# Cypress Mulch



## Curtis T (Nov 11, 2010)

Hello, 
I am looking to find out how many members live in So Calif that are looking for Cypress mulch. I am trying to set up a bulk deal to buy some at a couple of places. I AM NOT DOING THIS TO MAKE ANY MONEY!!!!! I paid $8.99 for a 5 quart bag thats o.k. for know my tegu is a baby from this year but in a shory time he will be going into a 4ft cage then an 8ft and it will take a lot of 5 quart bags to fill these cages. So I am trying to set up an order for 2cu foot bags and what I am hoping to do is place an large enough order that they say ok I will order it for you.
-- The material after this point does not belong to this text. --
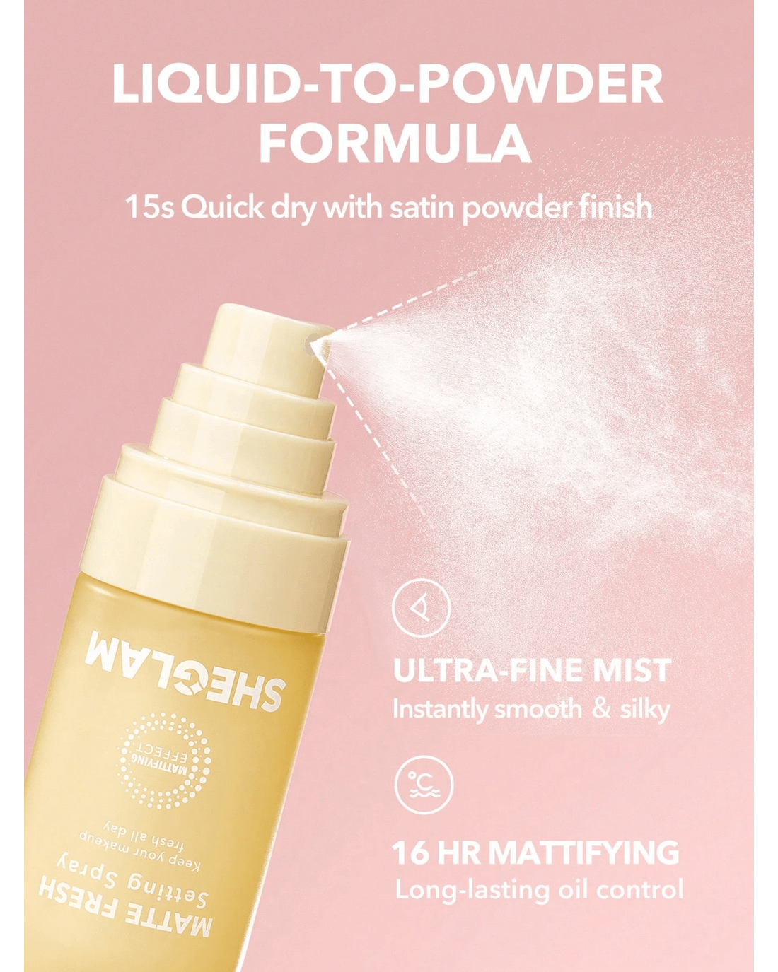 Lock in your look with the SHEGLAM Matte Fresh Setting Spray - your all-day essential for a smooth, shine-free finish that stays put. Designed to set your makeup while keeping oil and excess shine under control, this lightweight mist delivers a fresh matte effect without feeling heavy or tight.

At this point I am trying to find out how much to tell them to order. I do not know the exact price right know but when I find out about thr size of the order I can get a price per bag. 

Curtis


----------



## Guest (Nov 11, 2010)

I bought a pallet 60 bags for less than four dollars a bag .. The only way I could get it ..I decided to use it in the gardens as I have so much .. There are other uses ...


----------



## Curtis T (Nov 11, 2010)

Do you live So Calif if so who did you buy it thru. Curtis


----------



## Guest (Nov 12, 2010)

I got mine at [The feed store] through united hardware .. They shipped it out of Milwaukee ... I live in Montana but my sister lives down there she makes boogie boards .... I have never been there ..


----------



## eddyjack (Nov 12, 2010)

Never been to see your sister? Shame on us! I have a sister that lives in Cali, but never been there either! It's hard to get an ole boy outa the woods aint it? If it isn't Idaho or Montana it just isn't!


----------



## Guest (Nov 12, 2010)

I would kill someone or be in jail five min after getting off the plane .. In my little town 3000 people I can stand maybe an hour there .. I often go in to get gas grocery's ect . More often than not I can`t stand to be there long enough to get it all done and head home !!


----------



## TEGU_JAKE (Nov 13, 2010)

What part of Socal are you from? Let me know if you can get some.


----------



## Guest (Dec 13, 2010)

I'm a bit late on this topic, but I am looking for a cheap source in socal as well. I just bought a bag for $25, and it's killing me.


----------



## james.w (Dec 13, 2010)

You guys in so cal may want to try and find a local tortoise breeder. I am in las Vegas and that is where I get mine from. It is quite a bit more than the east coast guys get it for, it's $16 a bag. I get it from tortoisesupply.com.


----------